_Work instructions:_ Given these entries, repeat exactly the lines starting with the one that has "A partir de 14 años. PARA" and going on through the one that has "Il santo è seduto, in", both included, but none of the pictures.

_Information:_
--------

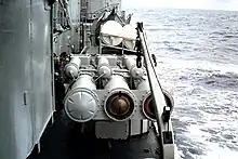Four ships – Bouvet, Kersaint, Dupetit-Thouars and Du Chayla – were modernised as anti-aircraft guided missile destroyers in 1962–1965. They were given one Tartar missile launcher, retained their three twin turrets of 57 mm guns. They were also given one Model 1972 sextuple 375 mm (15 in) anti-submarine mortar.[4] The missile launcher replaced the aft 127 mm turrets and a raised deckhouse was installed between the aft 57 mm guns where SPG-51 tracker-illuminators were situated. The Model 1972 mortar replaced the forward 127 mm turret and the fire control director for the main armament was removed. The DRBC 31 radar was moved to the fire control director's former spot atop the bridge and the DRBV 11 radar was replaced by an SPS-39A 3D model, later upgraded to the B model.[1] The complement was reduced to 278, comprising 17 officers and 261 ratings.[5]
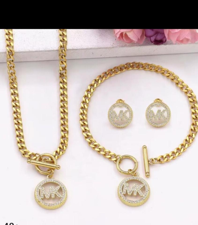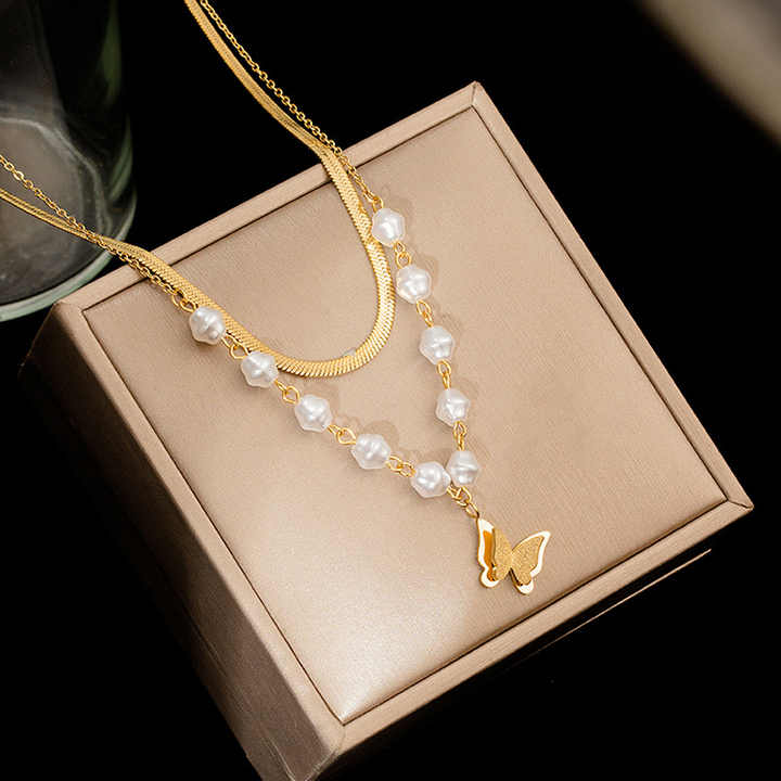 Set di Gioielli in Acciaio Inossidabile Placcato Oro 18K con Perle, Collana, Orecchini e Bracciale, Motivo Farfalla e Lettera M K D
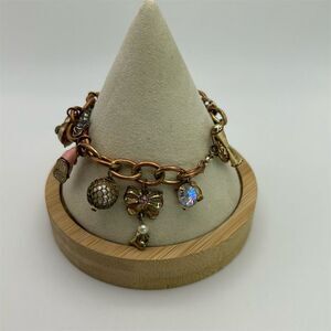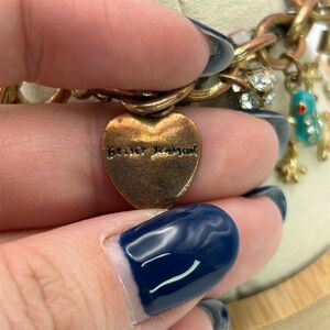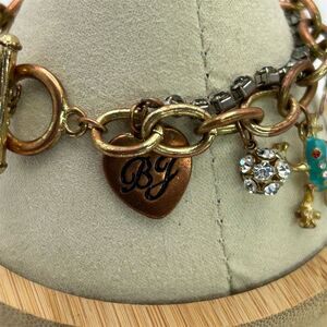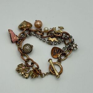 Keywords: Betsey Johnson bracelet, charm bracelet, gold bracelet, toggle closure, heart theme, shoe theme, frog theme, vintage jewelry, pre-owned bracelet, gold-tone metal, rhinestone bracelet, faux pearl bracelet, faux turquoise bracelet, 8-inch bracelet, fashion accessory.
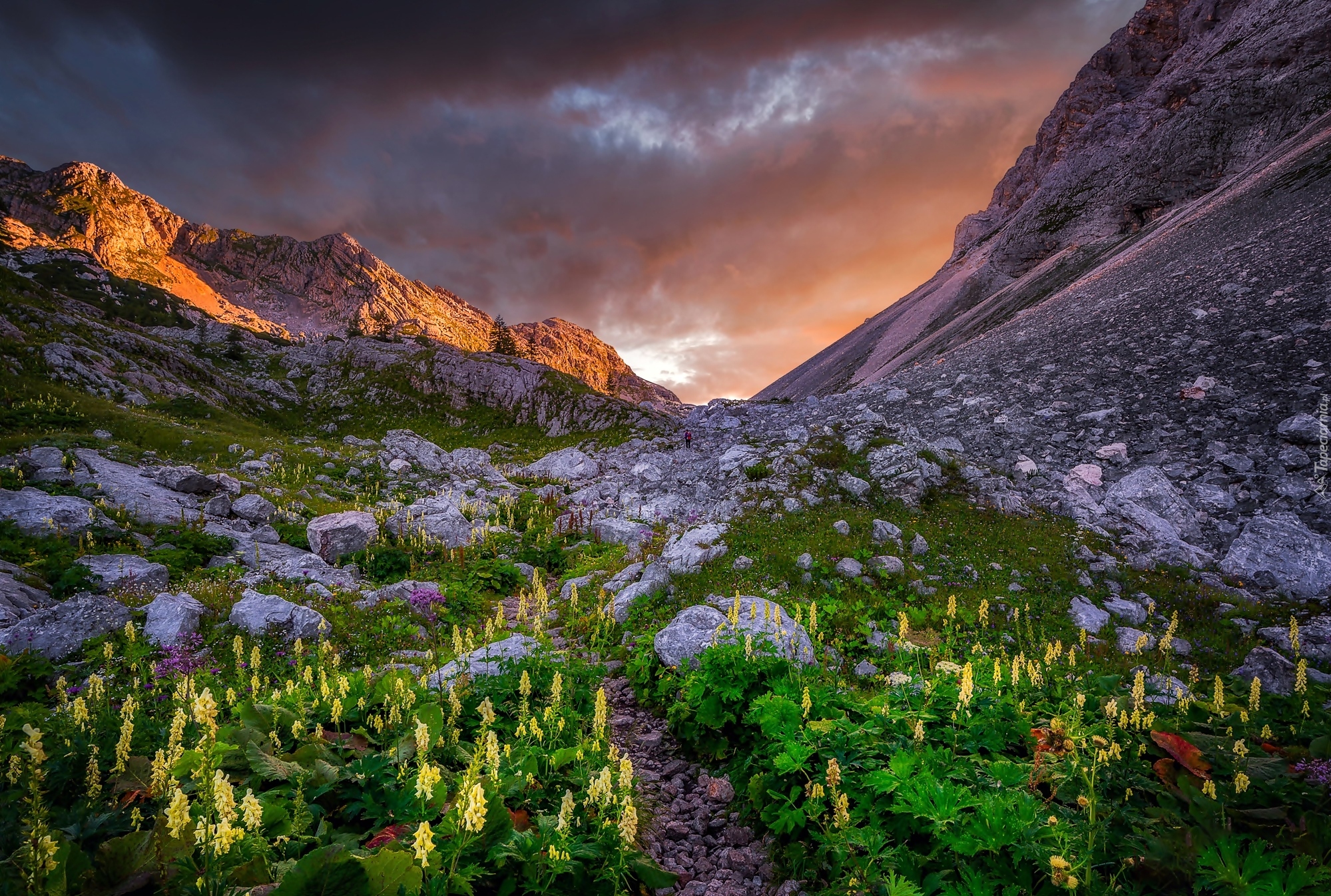 Edytor tapety: Górska łąka w promieniach słońca
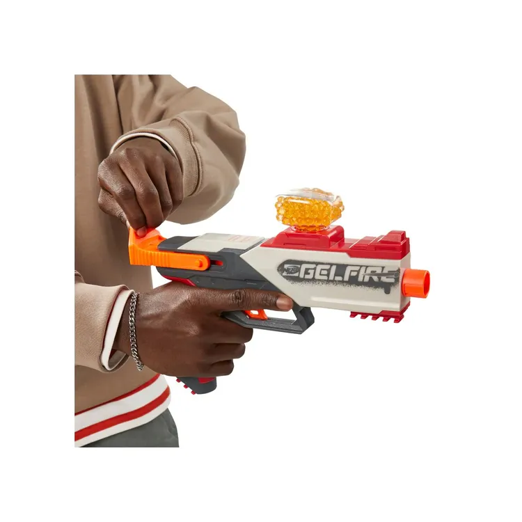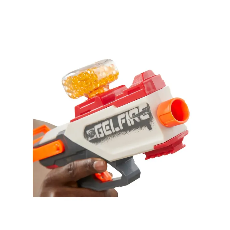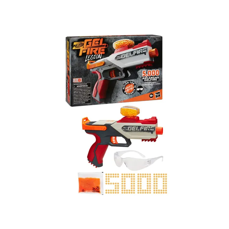 A partir de 14 años. PARA EVITAR LESIONES EN LOS OJOS: ADVERTENCIA: No apuntar a los ojos ni a la cara. El uso de lentes es obligatorio en todo momento para los jugadores y las personas en su rango de alcance. Utilizar solamente recargas NERF GelFire oficiales. Utilizar solamente agua del grifo para hidratar las recargas. No congelar ni modificar las recargas. No modificar el lanzador. El impacto de las recargas puede causar marcas temporales en la piel. A partir de 14 años. No es un juguete. Leer las instrucciones antes de usar para obtener información importante sobre la seguridad. ATENCIÓN: Riesgo de incendio y quemaduras. No abrir, aplastar, calentar a más de 45 °C ni incinerar. Seguir las instrucciones del fabricante. No ingerir. Mantener alejado de las mascotas. Las recargas pueden manchar.
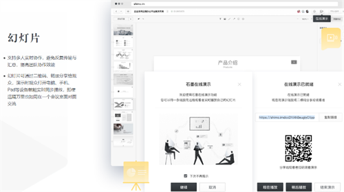 - 可通过二维码、链接分享给观众,演示时观众打开电脑、手机、pad等设备就能实时同步播放,即使远隔万里也如同在一个会议室面对面交流
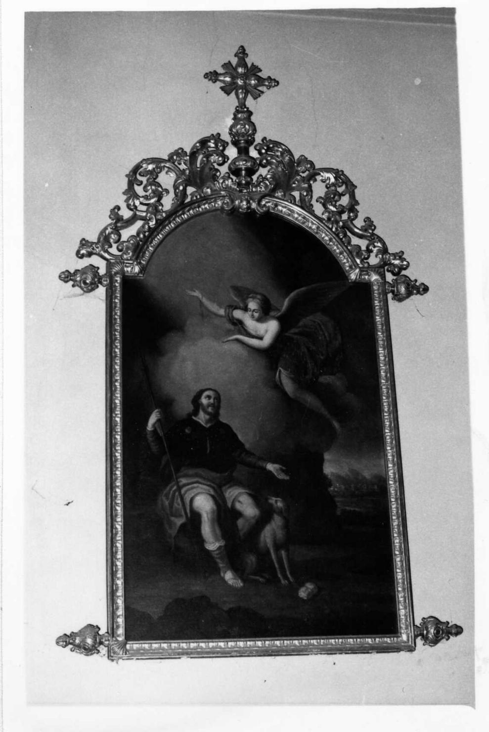 Il santo è seduto, in veste gialla, grigia, con mantellina scura; gli appare un angelo vestito di viola illuminato da luce dorata. Grande cornice in legno intagliato e dorato con ampia cimasa traforata.. Personaggi: San Rocco
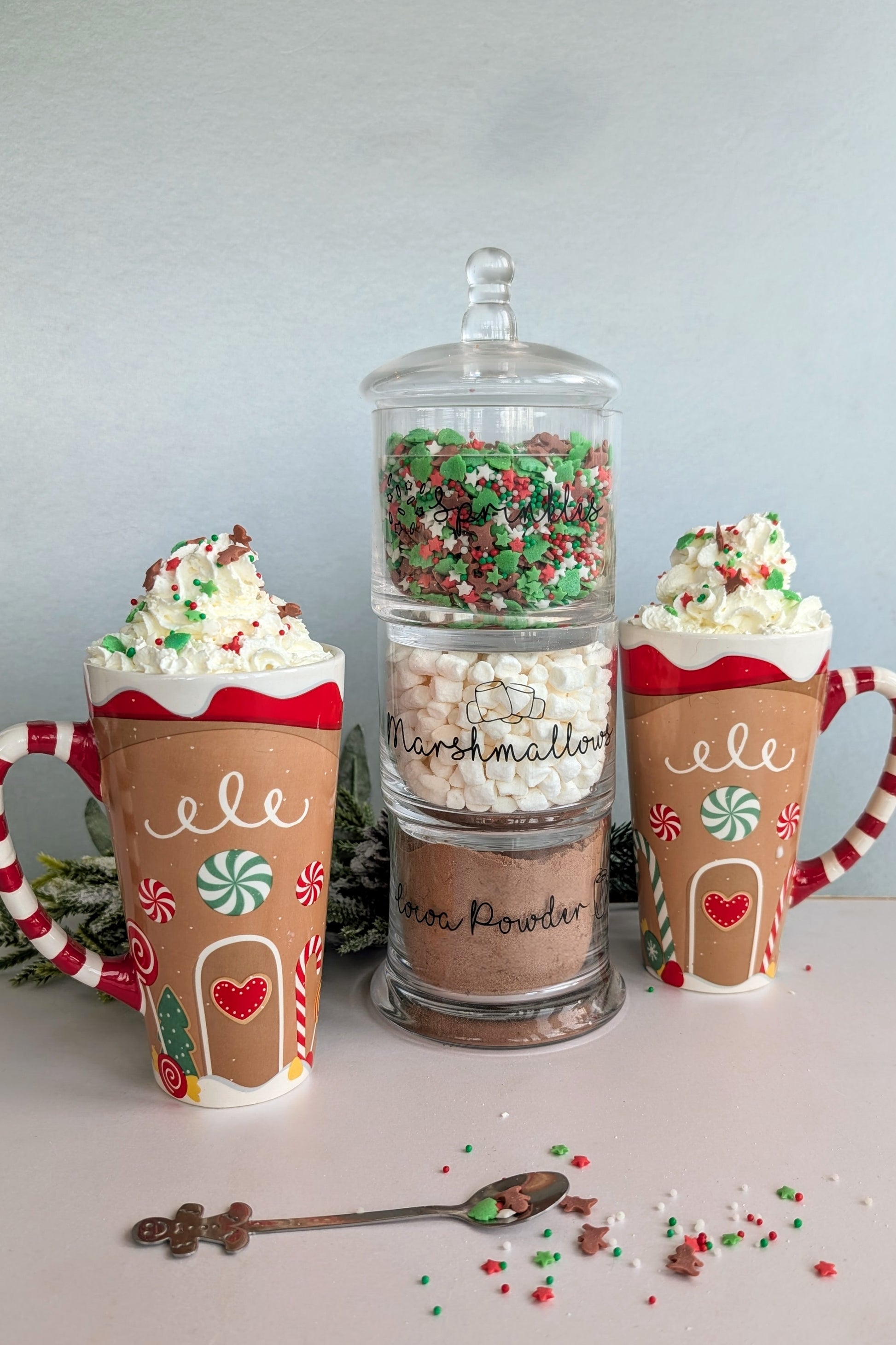 Hot Chocolate Station | Family Christmas Gift | Personalised Xmas Gift | Stacking Glass Kitchen Jars | Custom Labels | Couples Gift | Home

--------

_Your response:_
 A partir de 14 años. PARA EVITAR LESIONES EN LOS OJOS: ADVERTENCIA: No apuntar a los ojos ni a la cara. El uso de lentes es obligatorio en todo momento para los jugadores y las personas en su rango de alcance. Utilizar solamente recargas NERF GelFire oficiales. Utilizar solamente agua del grifo para hidratar las recargas. No congelar ni modificar las recargas. No modificar el lanzador. El impacto de las recargas puede causar marcas temporales en la piel. A partir de 14 años. No es un juguete. Leer las instrucciones antes de usar para obtener información importante sobre la seguridad. ATENCIÓN: Riesgo de incendio y quemaduras. No abrir, aplastar, calentar a más de 45 °C ni incinerar. Seguir las instrucciones del fabricante. No ingerir. Mantener alejado de las mascotas. Las recargas pueden manchar.
 - 可通过二维码、链接分享给观众,演示时观众打开电脑、手机、pad等设备就能实时同步播放,即使远隔万里也如同在一个会议室面对面交流
 Il santo è seduto, in veste gialla, grigia, con mantellina scura; gli appare un angelo vestito di viola illuminato da luce dorata. Grande cornice in legno intagliato e dorato con ampia cimasa traforata.. Personaggi: San Rocco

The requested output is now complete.